Using the records below, copy exactly the part that opens with the line holding "An Istrian villa" and closes with the line holding "Vstupní chodba disponuje", minus the pictures.
== == ==
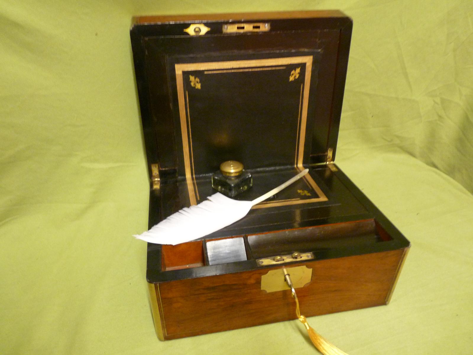 Brass Bound Rosewood Writing Box - Secret Drawers c.1870
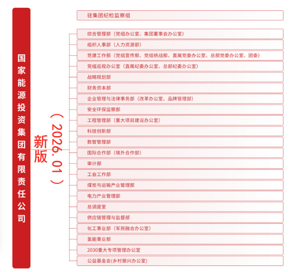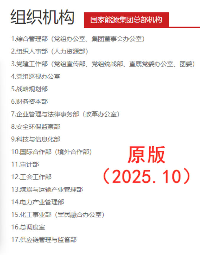 日前,國家能源集團官網改版并更新“組織架構”信息。
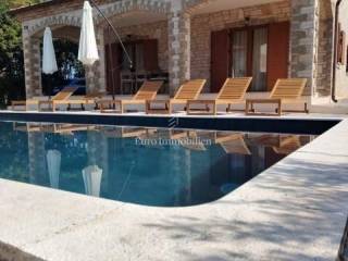 An Istrian villa with a heated swimming pool is for sale, located in a well-maintained residential area of villas built in a traditional style.
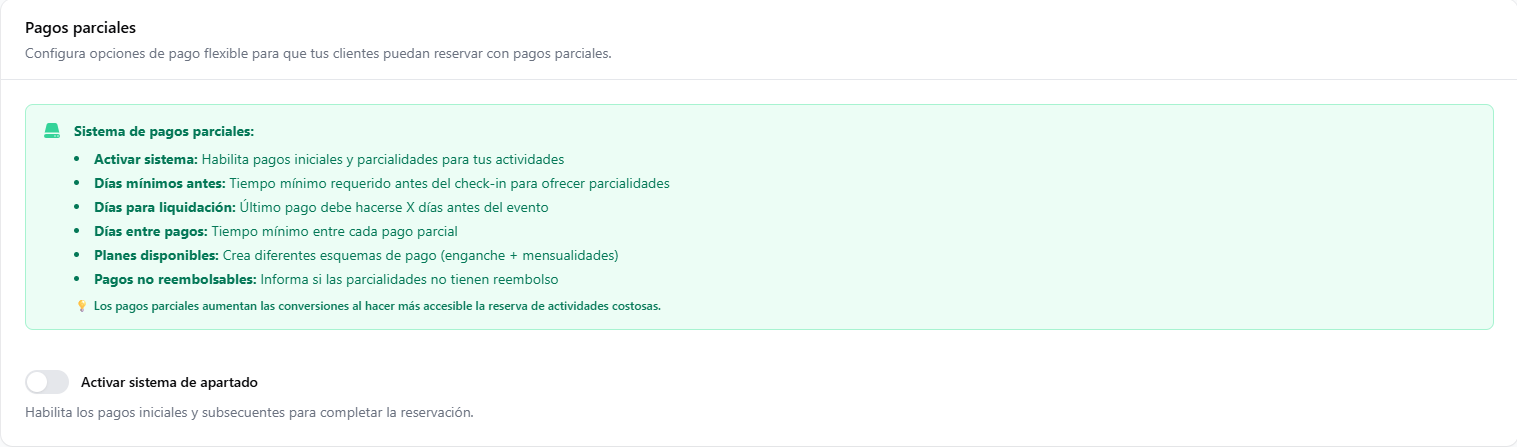 Para activar pagos parciales en una actividad, entra al panel, edita la actividad y busca la sección “Pagos parciales”.
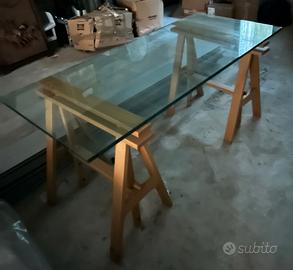 Tavolo con piano in vetro 2 cavalletti come da foto dimensioni: 160x70x75 h cm Regolabile in altezza
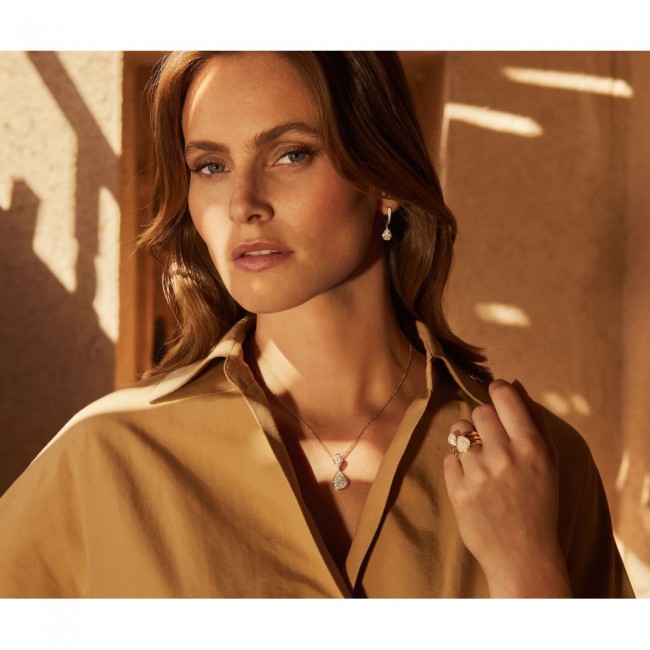 Relatively understated in design, yet beautifully made, the Funghetti range features rounded, convex surfaces of pave set white diamond. The two pear shapes in this pendant are bordered by a plain edge of warm and majestic, 18ct yellow gold. The smaller, top section is subtely fixed within the 18" belcher chain.
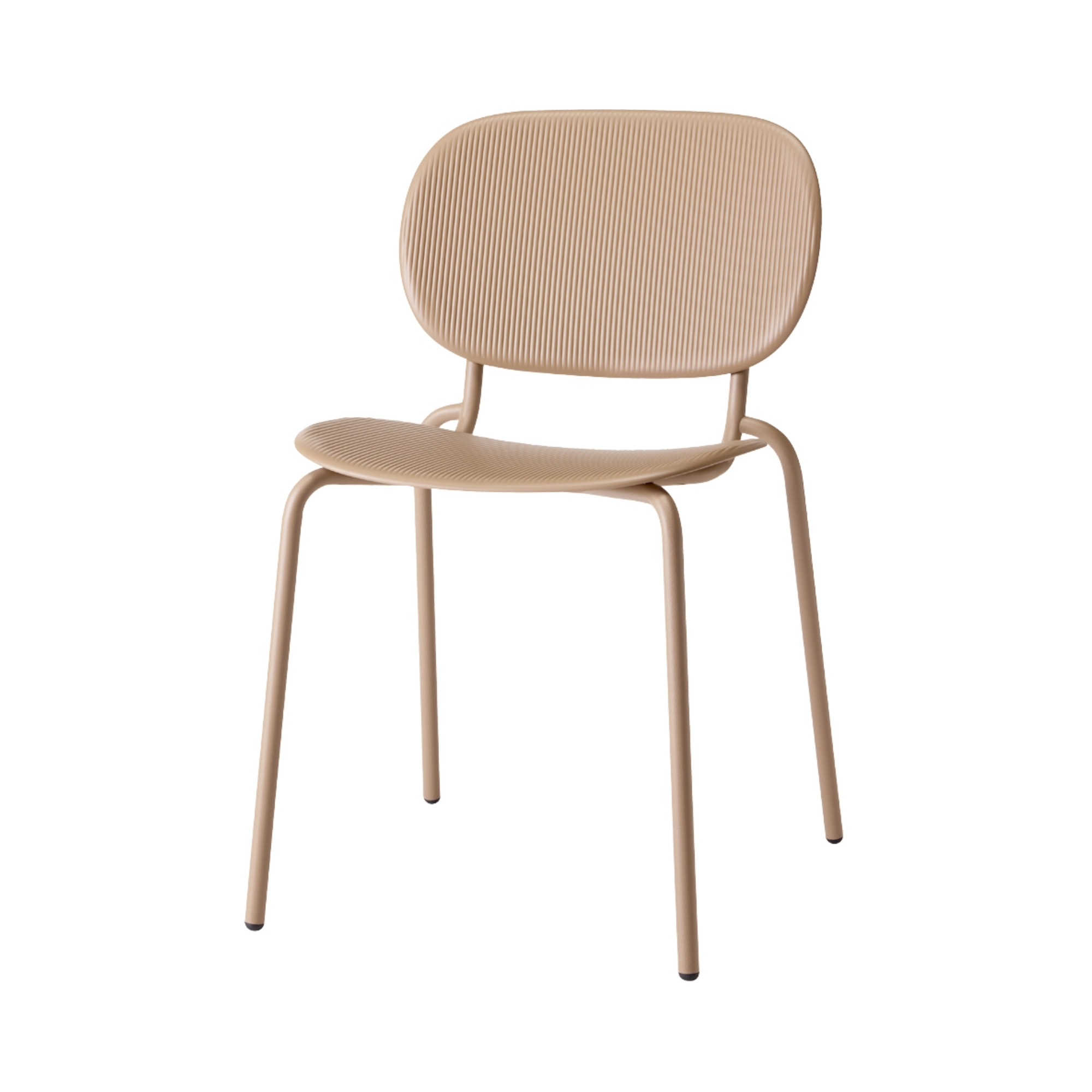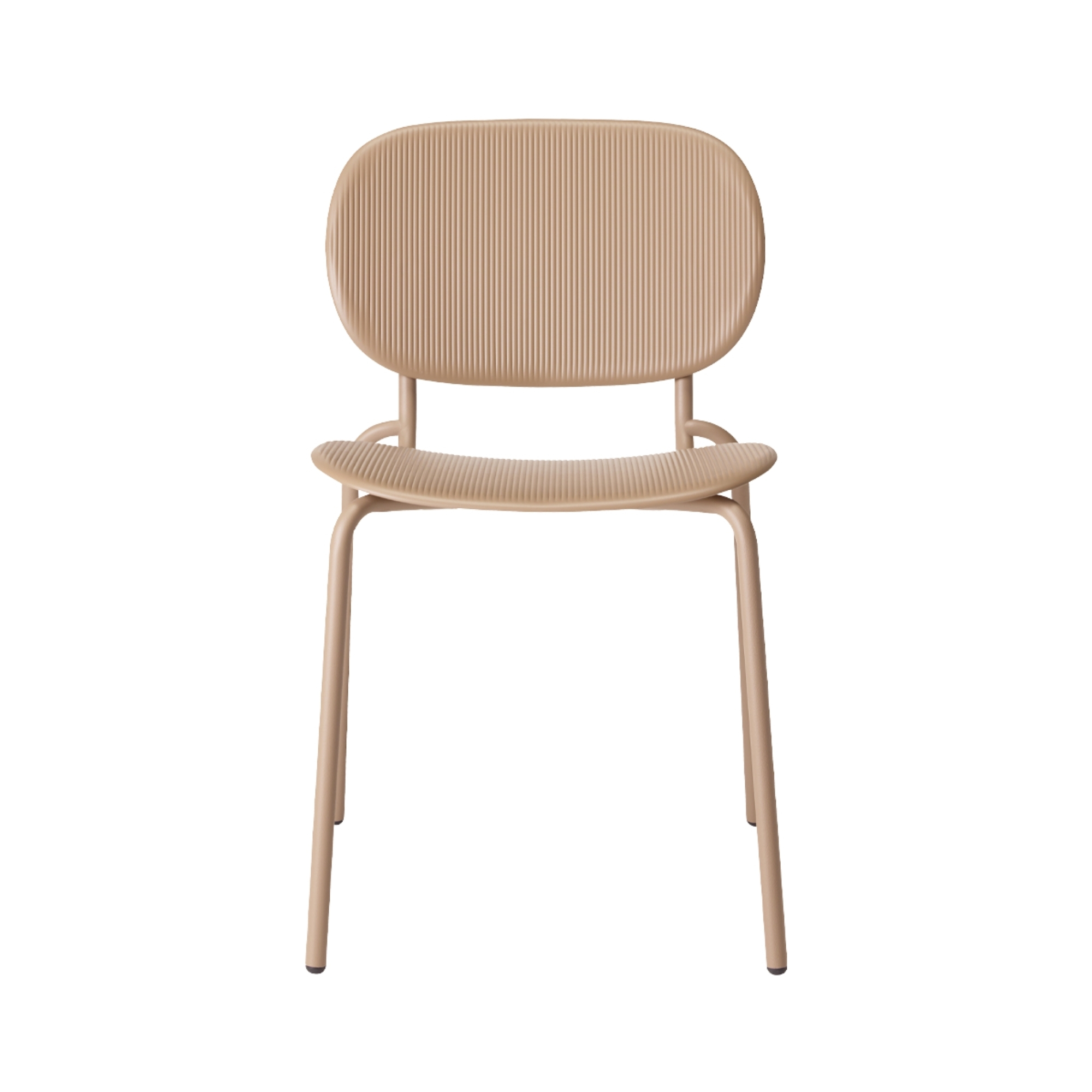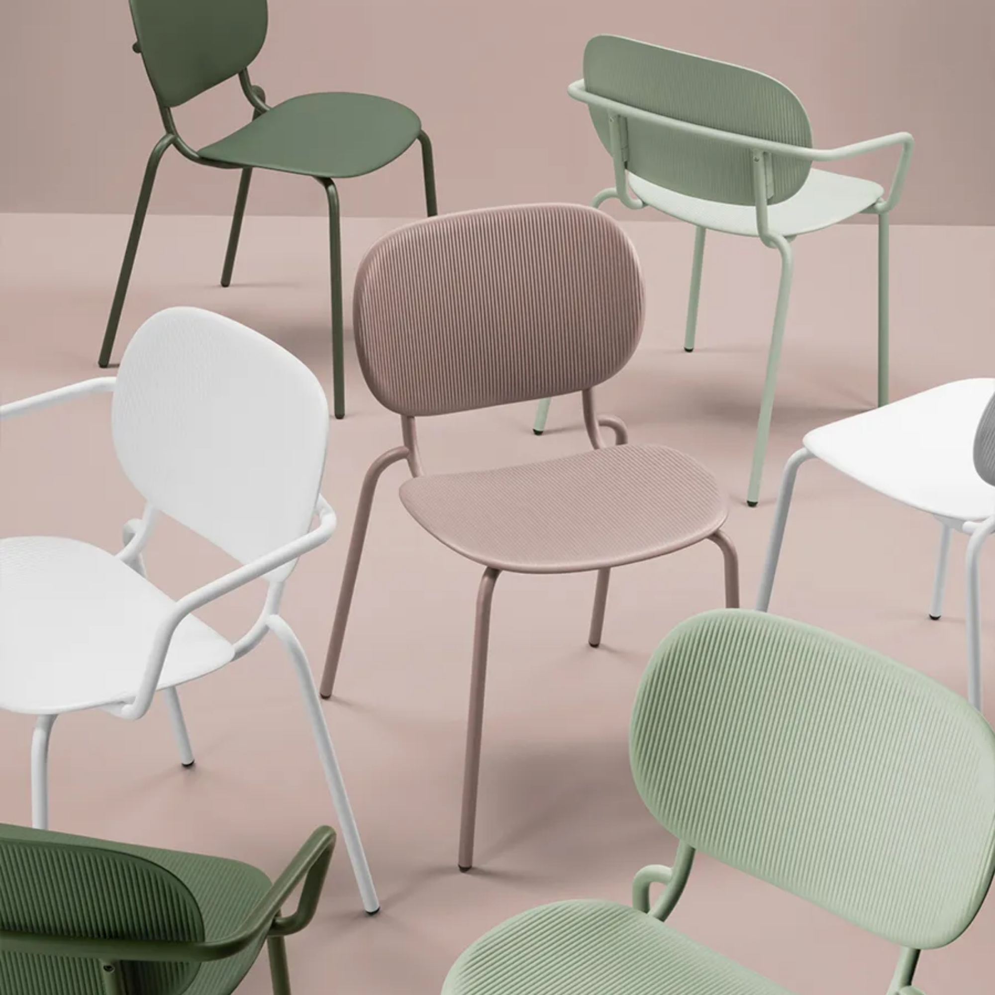 Model Number : 78832The SI-SI Vibes Side chair. This striking chair is distinguished by its innovative surface pattern, inspired by the fluid rhythm of sound waves and acoustic vibrations, giving both the seat and backrest a dynamic, tactile quality that brings visual interest to modern interiors. The SI-SI Vibes is made from certified regenerated plastic with a slender metal frame, blending sustainability with refined Italian design. Ideal for indoor and outdoor environments – from dining spaces and cafés to offices and creative hubs – it offers versatile style and robust performance without compromising on comfort or character.
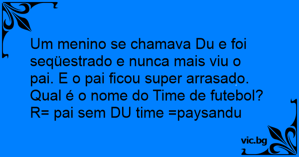 Um menino se chamava Du e foi seqüestrado e nunca mais viu o pai. E o pai ficou super arrasado. Qual é o nome do Time de futebol?
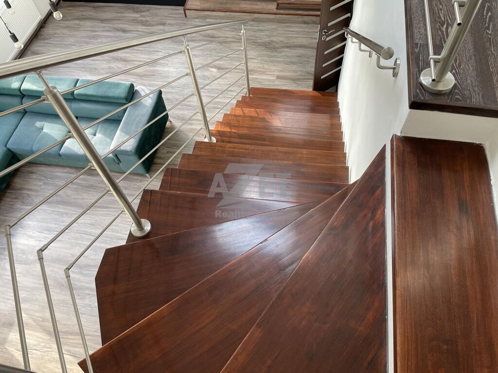 Vstupní chodba disponuje vestavěnou skříní na míru, která poskytuje velkorysý úložný prostor. Hlavní obytná místnost je světlá a vzdušná, s originálním schodištěm vedoucím do podkroví, kde se nacházejí samostatné pokoje vhodné jako ložnice a dětský pokoj. Díky této dispozici je byt velmi variabilní a umožňuje vytvořit si skutečně osobité bydlení podle vlastních potřeb.
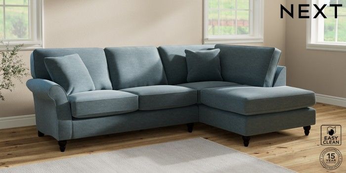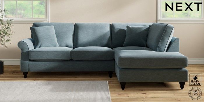 7.2.10 Ashford Medium Corner Chaise - Right Hand Fine Chenille Easy Clean Mid Blue Low Turned - Dark | Made Click here to use our website with more accessibility support, for example screen readers
== == ==
SOLUTION TO THE PROBLEM
 An Istrian villa with a heated swimming pool is for sale, located in a well-maintained residential area of villas built in a traditional style.
 Para activar pagos parciales en una actividad, entra al panel, edita la actividad y busca la sección “Pagos parciales”.
 Tavolo con piano in vetro 2 cavalletti come da foto dimensioni: 160x70x75 h cm Regolabile in altezza
 Relatively understated in design, yet beautifully made, the Funghetti range features rounded, convex surfaces of pave set white diamond. The two pear shapes in this pendant are bordered by a plain edge of warm and majestic, 18ct yellow gold. The smaller, top section is subtely fixed within the 18" belcher chain.
 Model Number : 78832The SI-SI Vibes Side chair. This striking chair is distinguished by its innovative surface pattern, inspired by the fluid rhythm of sound waves and acoustic vibrations, giving both the seat and backrest a dynamic, tactile quality that brings visual interest to modern interiors. The SI-SI Vibes is made from certified regenerated plastic with a slender metal frame, blending sustainability with refined Italian design. Ideal for indoor and outdoor environments – from dining spaces and cafés to offices and creative hubs – it offers versatile style and robust performance without compromising on comfort or character.
 Um menino se chamava Du e foi seqüestrado e nunca mais viu o pai. E o pai ficou super arrasado. Qual é o nome do Time de futebol?
 Vstupní chodba disponuje vestavěnou skříní na míru, která poskytuje velkorysý úložný prostor. Hlavní obytná místnost je světlá a vzdušná, s originálním schodištěm vedoucím do podkroví, kde se nacházejí samostatné pokoje vhodné jako ložnice a dětský pokoj. Díky této dispozici je byt velmi variabilní a umožňuje vytvořit si skutečně osobité bydlení podle vlastních potřeb.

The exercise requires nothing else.